Lyme Disease Diagnosis and Treatment Mandate Form
Please answer all questions to determine coverage (0 of 2)
500 EXCHANGE STREET, P ROVIDENCE, RI 02903-2699
MEDICAL COVERAGE POLICY | 1
(401) 274-4848 WWW.BCBSRI.COM
EFFECTIVE DATE: 06|01|2024
POLICY LAST REVIEWED: 01|22|2025
OVERVIEW
This policy documents the state-mandated coverage guidelines for certain Lyme disease treatments (Rhode
Island General Law 27-20-48).
MEDICAL CRITERIA
Not applicable
PRIOR AUTHORIZATION
Not applicable
Note: Laboratories are not allowed to obtain clinical authorization or participate in the authorization process
on behalf of the ordering physician. Only the ordering physician shall be involved in the authorization, appeal
or other administrative processes related to prior authorization/medical necessity.

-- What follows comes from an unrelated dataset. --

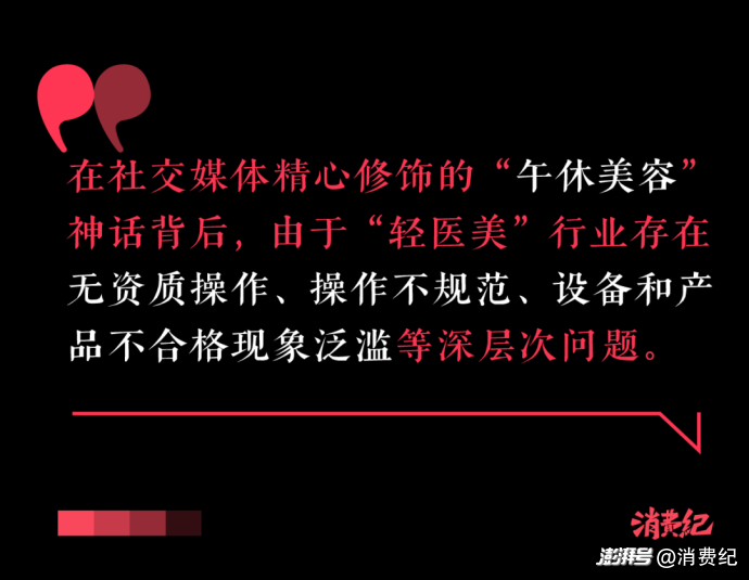 在社交媒体精心修饰的“午休美容”神话背后,由于“轻医美”行业存在无资质操作、操作不规范、设备和产品不合格现象泛滥等深层次问题。也因此出现“美容”变“毁容”“要美”变“要命”的案例。

In no circumstance shall a laboratory or a physician/provider use a representative of a laboratory or anyone
with a relationship to a laboratory and/or a third party to obtain authorization on behalf of the ordering
physician, to facilitate any portion of the authorization process or any subsequent appeal of a claim where the
authorization process was not followed and/or a denial for clinical appropriateness was issued, including any
element of the preparation of necessary documentation of clinical appropriateness. If a laboratory or a third
party is found to be supporting any portion of the authorization process, BCBSRI will deem the action a
violation of this policy and severe action will be taken up to and including termination from the BCBSRI
provider network. If a laboratory provides a laboratory service that has not been authorized, the service will
be denied as the financial liability of the participating laboratory and may not be billed to the member.
POLICY STATEMENT
Medicare Advantage Plans and Commercial Products
In accordance with Rhode Island General Law § 27-20-48, coverage is provided for diagnostic testing and
long-term antibiotic treatment of chronic Lyme disease.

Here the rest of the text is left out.